Eric Szwarczynski

Personal information
- Full name: Eric Stefan Szwarczynski
- Born: 13 February 1983 (age 43) Vanderbijlpark, Gauteng, South Africa
- Batting: Right-handed
- Bowling: Right-arm medium
- Role: Batsman

International information
- National side: Netherlands;
- ODI debut (cap 32): 6 July 2006 v Sri Lanka
- Last ODI: 28 January 2014 v Canada
- ODI shirt no.: 13
- T20I debut (cap 10): 2 August 2008 v Kenya
- Last T20I: 28 November 2013 v Scotland
- T20I shirt no.: 13

Career statistics
| Competition | ODI | T20I | FC | LA |
| Matches | 41 | 14 | 18 | 85 |
| Runs scored | 1,102 | 233 | 664 | 1,917 |
| Batting average | 29.78 | 21.18 | 22.89 | 24.89 |
| 100s/50s | 0/10 | 0/0 | 0/5 | 2/14 |
| Top score | 98 | 45 | 93 | 129* |
| Balls bowled | – | – | 136 | 36 |
| Wickets | – | – | 3 | 0 |
| Bowling average | – | – | 32.66 | – |
| 5 wickets in innings | – | – | 0 | – |
| 10 wickets in match | – | – | 0 | – |
| Best bowling | – | – | 2/24 | – |
| Catches/stumpings | 7/– | 5/– | 8/– | 21/– |
- Source: ESPNcricinfo, 28 January 2014

= Eric Szwarczynski =

South African-born Dutch cricketer (born 1983)

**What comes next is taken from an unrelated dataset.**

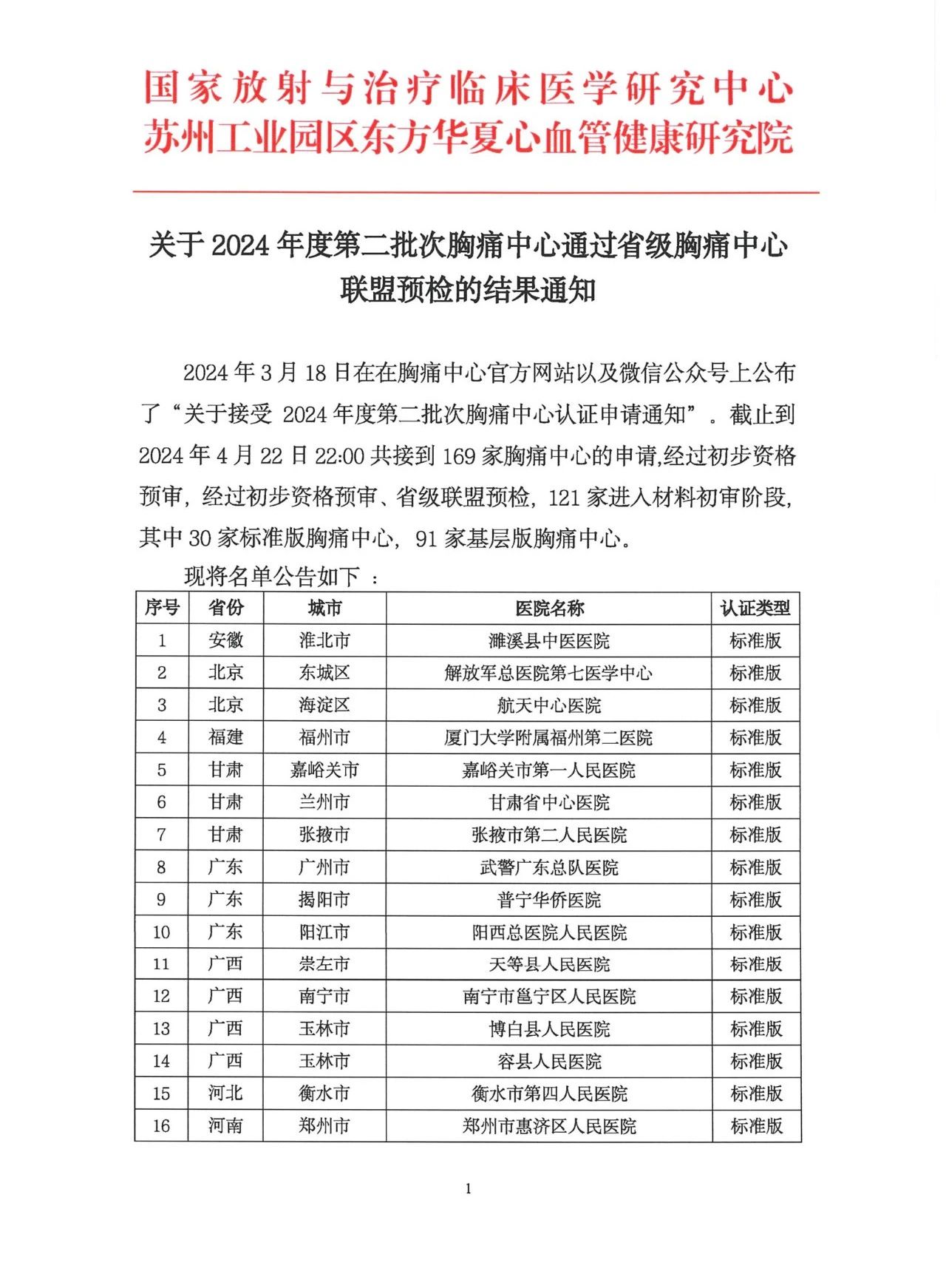重要通知|关于2024年度第二批次胸痛中心通过省级胸痛中心联盟预检的结果通知
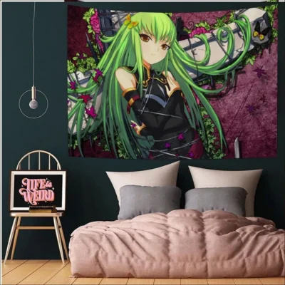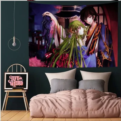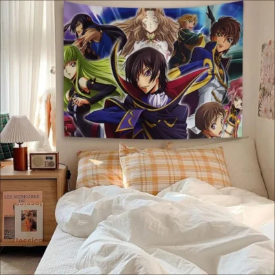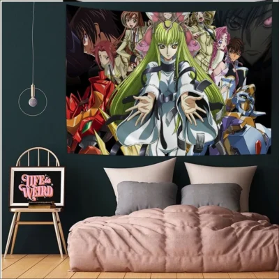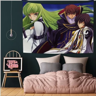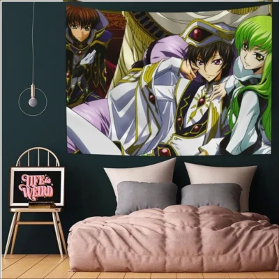 Discover a wide collection of captivating Code Geass Tapestries on our website’s dedicated category. Dive into the fantastical world of Code Geass with these intricately designed tapestries, showcasing your favorite characters and memorable scenes. Add a touch of elegance and fandom to your living space with these high-quality pieces, perfect for any Code Geass enthusiast.

Eric Szwarczynski (/ʃvɑrˈtʃɪnski/; born 13 February 1983) is a South African-born Dutch former cricketer. A right-handed batsman, he played 41 One Day Internationals for the Netherlands between 2006 and 2014.

== Personal life ==
Szwarczynski was born Eric Stefan Szwarczynski on 13 February 1983 in Vanderbijlpark, South Africa. He enjoys fishing and golfing in his free time.

==International career==
Szwarczynski made his debut for the Dutch national team in an ICC Intercontinental Cup game against Scotland on 29 July 2005. He made his One Day International debut against Sri Lanka on 6 July 2006. He also represented the Netherlands A team and under-23 team.